Let me back up for those of you who are wondering what the heck I am talking about. You see, a few years ago, my husband was in a pretty bad accident. With multiple breaks and a crushed helmet, he was lucky compared to some. Without the helmet, he likely would have been a vegetable or dead. Sure, we know people who have suffered much worse, but this was more the last straw after a series of accidents over the long term. Bill hung his bike on the rack and that was it.

We were lucky our daughter showed little interest in riding, and she never pleaded the cause. It is easy to say no when no one is asking. Our son is entirely different. He’s been asking for a bike for years. I mean that with the legitimate literal use of the word “years”. We’ve said no over and over again, making it clear to anyone who asks that it is our decision, as his parents, that he doesn’t get to ride a bike.

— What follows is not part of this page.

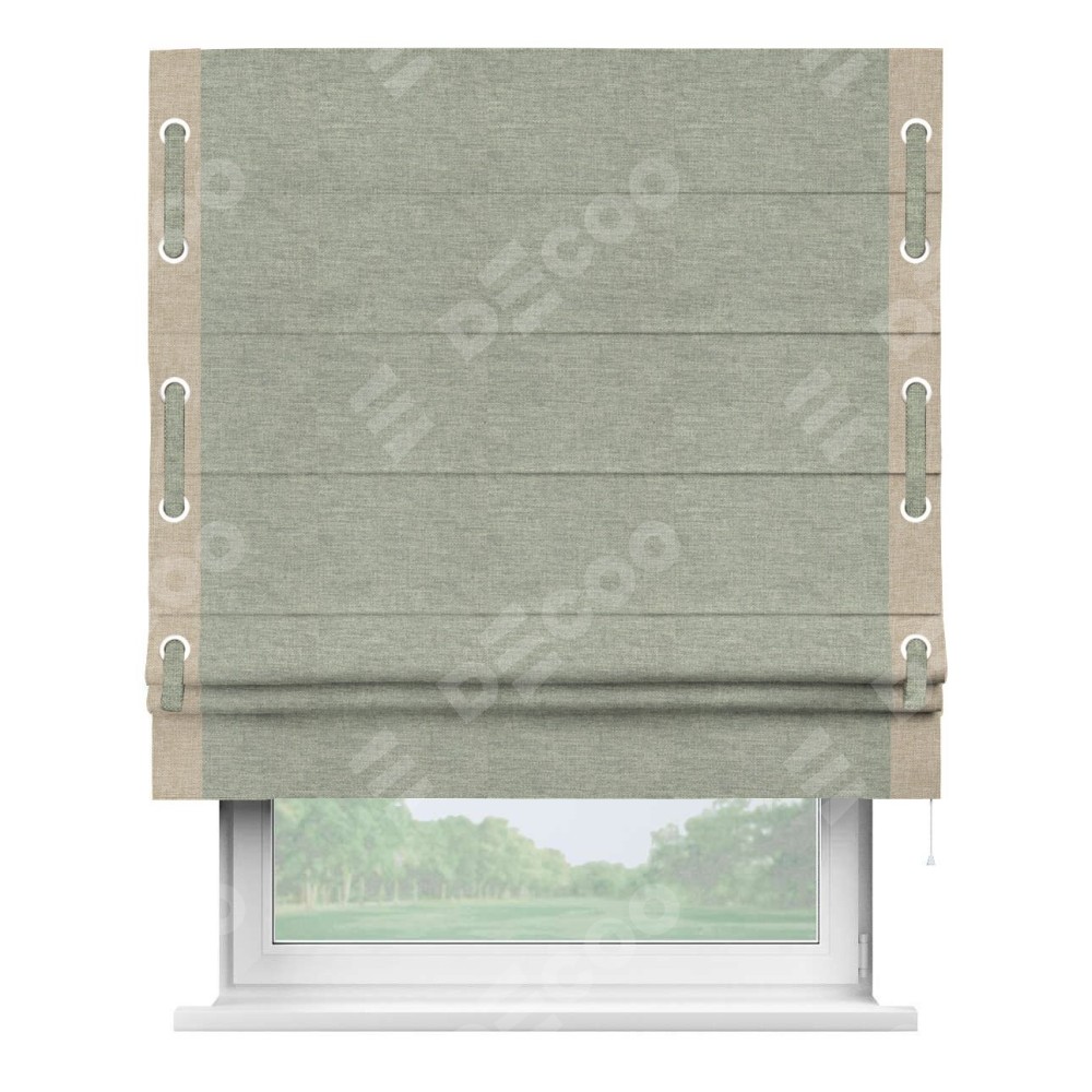 Римская штора производителя «Cortin», используется для проёма, пошита из ткани лён кашемир серый new, артикул 21618. Отделка шторы кантом «Стрим Дуо» на кантах расположены люверсы с пояском, ткань для канта используется из льна разной расцветки на выбор. Ткань для пояска обычно используется из основной ткани шторы, а так же можно сделать из любой расцветки по желанию. Имеет универсальный механизм и подходит для монтажа: на потолок, на стену и в нишу.

People’s reactions have been mixed. I’ve had other parents in my face with how wrong it is to withhold the joy of riding a bike from our son. I’ve had other people shrug and look at us like we are lunatics but not say anything. I’ve run into blank stares, as if the concept wasn’t something easy to grasp. And, then there is our son who has been begging, lobbying, and annoying us about it every chance he gets. A couple of months ago, I was beginning to waiver. It was more about the forbidden fruit and how keeping him off a bike and the arguments around the bike were getting to be more a problem then letting him actually get a bike.

Between my own “meh” attitude and the difficult fact that we do not live in bike-safe territory, it is not just getting a bike. It is getting the bike and him to a safe place where he can ride away from heavy traffic. This means bike, plus our time–our time doing something that we don’t really want to do. In spite of the various mental hurdles, I was making preparations to do my own lobbying for a bike for his 11th birthday in September.

Then, a few weeks ago, he went off with his grandparents to Pennsylvania. While there, they bought him a bike to use on the lonely road near the family home. The genie, as it were, was out of the bottle, and my son was smitten. Even after he fell and had bloody flaps of skin on elbow and knee, he was back on the bike right away. He rode as much as he could while there and returned home with renewed vigor in his plans to beat us down.

He started in right away with an overt wailing martyrdom “I love riding, and I’ll never get to do it again….” But, underneath that loud and obnoxious statement, I saw a sincere grief in his watering eyes and quivering lower lip. He had experienced something new, wonderful and freeing. Anyone who’s ridden a bike knows what the sensation is like. I ached for him more once he knew what it was he was missing. The hypothetical loss of something fun and wonderful had turned real. Before, he just thought he would like it. Now, he knew it.

After much discussion, we decided to bend. A lot. I took my own bike in for a tune-up. We bought him a bike. Bill is looking at getting himself a new bike–his old one long ago gifted to a friend. Add in a new hitch and rack for my car to make it easier to get someplace where we can safely ride, and we have a new family activity to “enjoy.” Given that the big girl is on her way out of the country, she can’t really complain that we aren’t including her in something she has no desire to do anyway. That old saying, “If you can’t beat then, join them” is living pretty large around here.